§ **Task prompt**
The output is the line containing "关于《我深深眷恋的热土》曲谱的评论" plus every later line down to the end of the listing below, copied exactly. No pictures belong in it.

**** Dataset

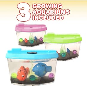 DIVERSÃO MÁGICA QUE CONTINUA CRESCENDO E CRESCENDO Expandindo A Emoção Comprando por aí para um deleite para aquele garoto? Em seguida, obter-lhes um que faíscas um maravilha-cheio 'Whoaaaa!'. Este crescente conjunto de aquários vai deixar os pequenos emocionados. Cada conjunto inclui mini aquários de 3 (3") que surgem com tons neon de azul, rosa e verde. Mas a aparência é apenas uma fração da diversão. Adicione água aos aquários e os peixes bonitos crescem até 5X seu tamanho em apenas 3 dias! Mantenha seu filho intrigado por horas a fio enquanto eles assistem seu aquário crescer. Ótimo para presentear Se você está procurando favores de festa para a festa de aniversário do seu pequeno, suprimentos de festa exclusivos, prêmios para o carnaval ou concurso infantil, presentes de sala de aula, ou apenas um presente legal para fazer o dia da sua torta fofa, esses aquários em crescimento são garantidos como um sucesso! Cada pacote não só vem com 3 aquários para dar o suficiente para empacotar, mas também uma garantia de 100% de de volta para lhe dar total tranquilidade. Inspire uma onda de sorrisos e risadas sem ter nada a perder. É por isso que você vai adorar esses aquários:
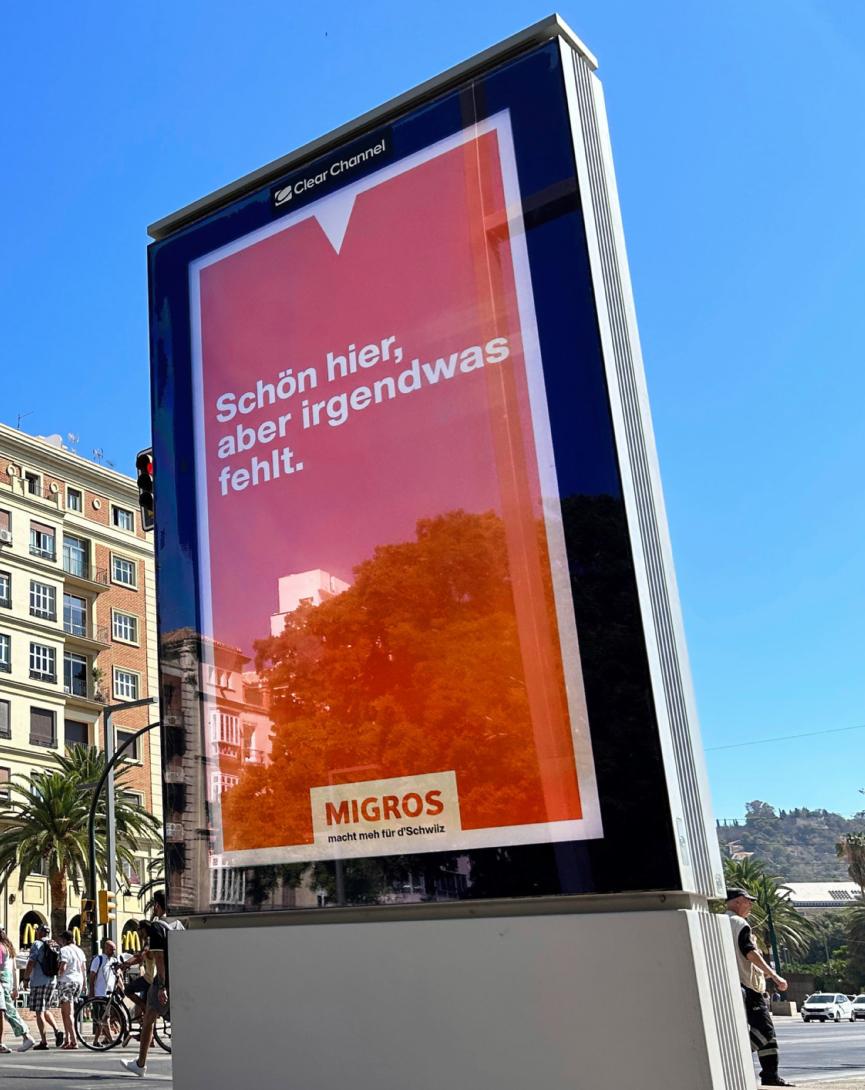 Le moment Migros Si vous avez passé des vacances en Italie ou en Espagne cet été, vous avez peutêtre été surpris d’y voir un petit clin d’œil de Migros. Par exemple, ici sur la Plaza de la Marina à Málaga, en Espagne, une affiche en allemand plaisante: «C’est joli ici, mais il manque quelque chose.» Des affiches ont été placardées dans sept lieux en Espagne et en Italie.
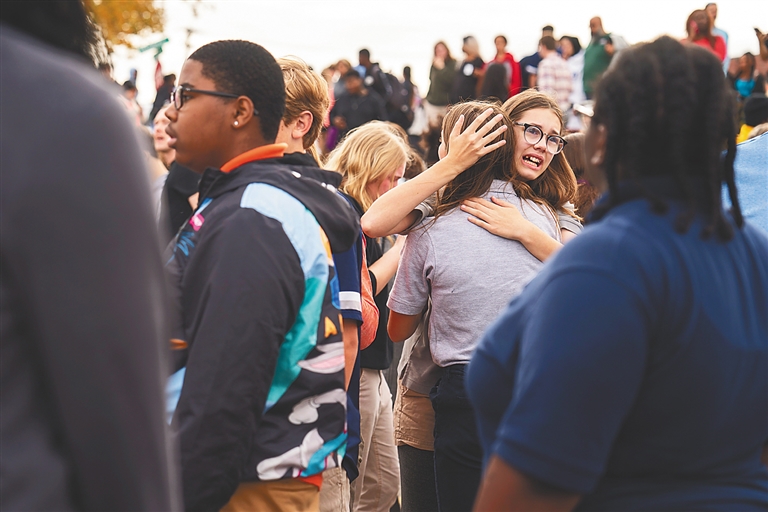 10月24日,在美国密苏里州圣路易斯,人们聚集在发生枪击事件的高中外。
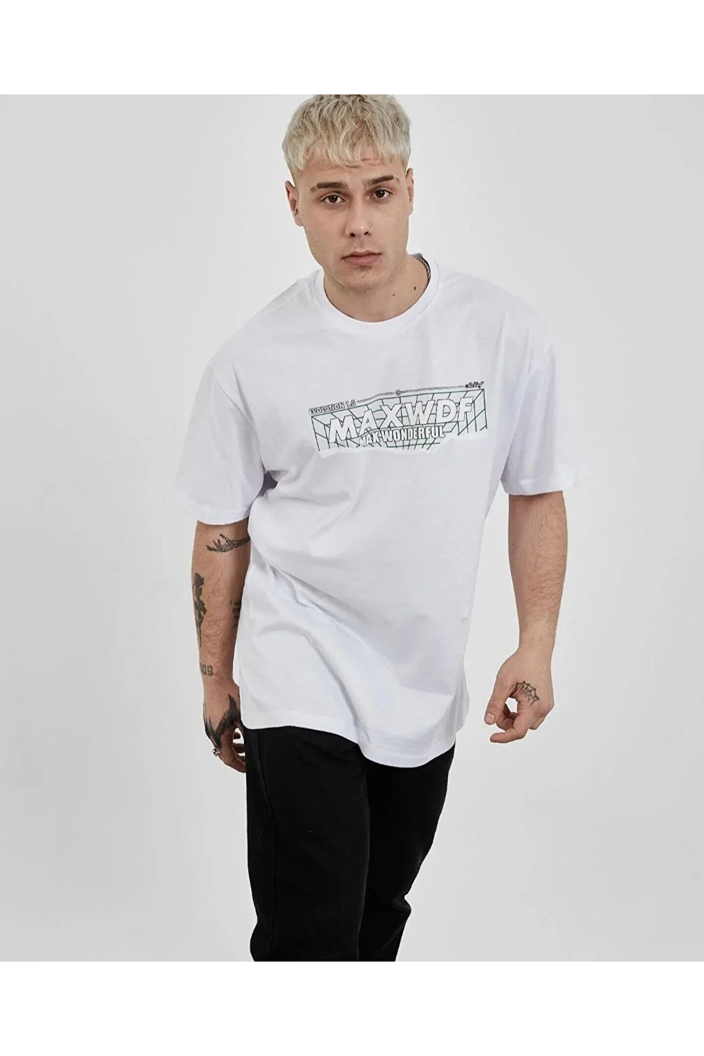Silerra Unisex Bisiklet Yaka Baskılı Oversize T-Shirt - Beyaz
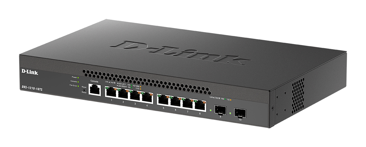 Управляемый L2+ коммутатор DXS-1210-10TS, оснащенный 8 портами 10GBase-T и 2 портами 10GBase-X SFP+, осуществляет коммутацию трафика на скорости до 10 Гбит/с и предназначен для использования в сетях предприятий малого и среднего бизнеса. За счет высокой производительности данный коммутатор позволяет использовать такие услуги, как облачные сервисы, виртуализация, а также приложения server-to-server. DXS-1210-10TS является экономически выгодным решением для организации сетей 10 Gigabit Ethernet.
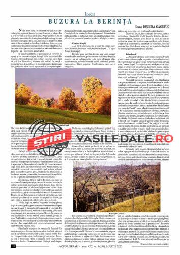Dana Buzura-Gagniuc propune o pagină de proză din volumul în pregătire, ”Buzura la Berința”, care va aduce în atenția publicului elemente inedite din viața scriitorului Augustin Buzura, prin valorificarea corespondenței sale cu părinții și prin recuperarea unor povești mai puțin cunoscute publicului.
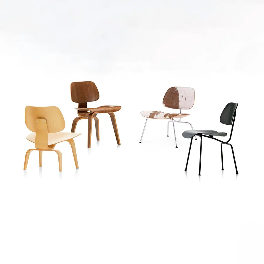 En experimentos que duraron varios años, Charles y Ray Eames buscaron nuevos procedimientos para adaptar la madera laminada moldeada tridimensional a las formas del cuerpo humano. El resultado fueron las sillas del Plywood Group, que se han convertido en clásicos con un aspecto que sigue siendo contemporáneo en la actualidad. En el Plywood Group, también combinaron los asientos y los respaldos con distintas bases. Gracias a la forma orgánica de las carcasas de madera laminada y a los respaldos ligeramente flexibles, estas sillas ligeras y compactas son extremadamente confortables, incluso en las versiones no tapizadas.
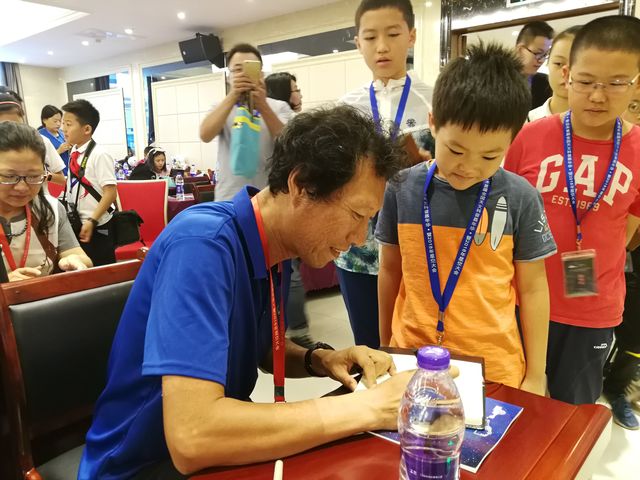 北京天文館館長(zhǎng)朱進(jìn)為小天文愛好者簽名留念(喻菲攝)
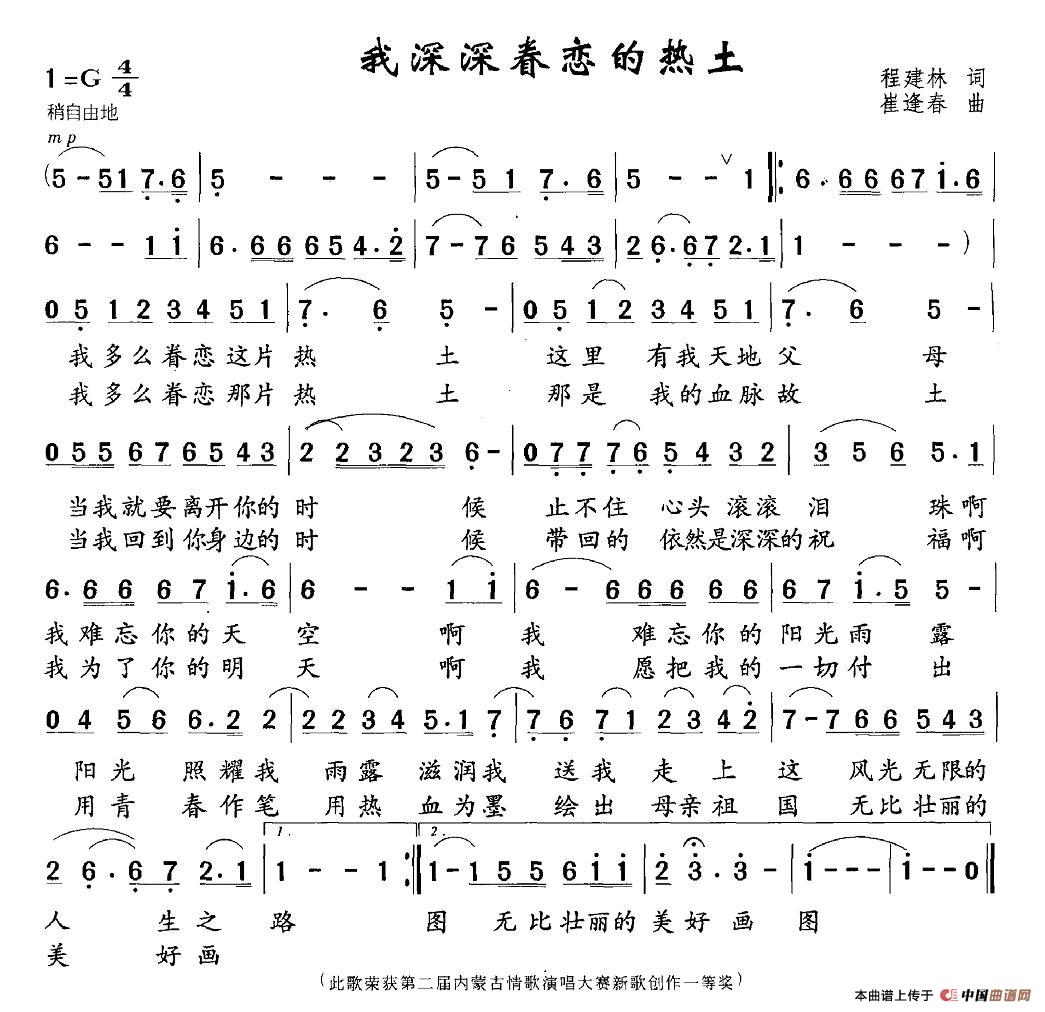 关于《我深深眷恋的热土》曲谱的评论
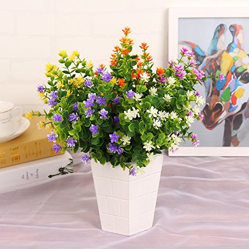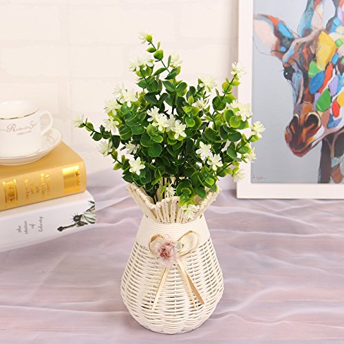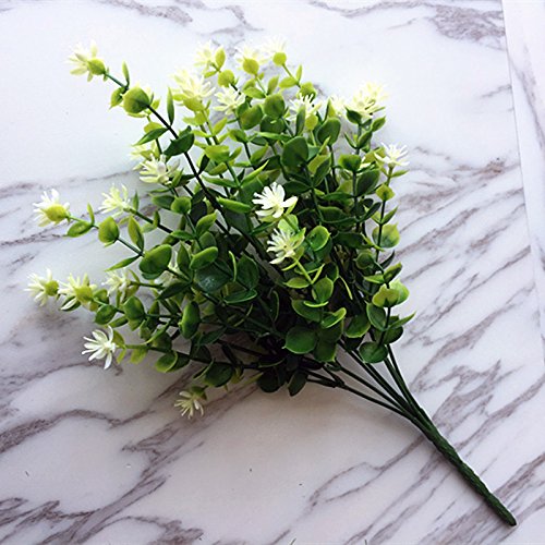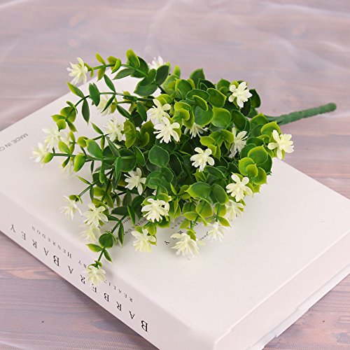 PRAGOO Artificial Eucalyptus Flowers Fake Bouquet Green Plant Home Garden Wedding Decor Party Room Decoration 2Pcs (White)
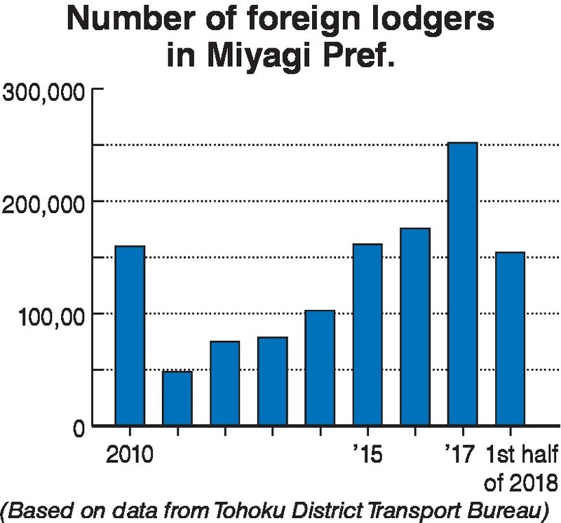 Thirty-four percent of the foreign visitors to the prefecture are Taiwanese, with that figure in 2017 increasing to 2.4 times the figure in 2010. Meanwhile, the numbers of visitors from South Korea and Hong Kong have not fully recovered, with 74 percent and 35.5 percent of the figures in 2010, respectively, actually visiting Miyagi.
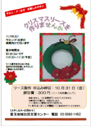 特別企画「クリスマスリース製作」もございます(リース作りは、抽選10名様となります)。

********

§ **Response area**
 关于《我深深眷恋的热土》曲谱的评论
 PRAGOO Artificial Eucalyptus Flowers Fake Bouquet Green Plant Home Garden Wedding Decor Party Room Decoration 2Pcs (White)
 Thirty-four percent of the foreign visitors to the prefecture are Taiwanese, with that figure in 2017 increasing to 2.4 times the figure in 2010. Meanwhile, the numbers of visitors from South Korea and Hong Kong have not fully recovered, with 74 percent and 35.5 percent of the figures in 2010, respectively, actually visiting Miyagi.
 特別企画「クリスマスリース製作」もございます(リース作りは、抽選10名様となります)。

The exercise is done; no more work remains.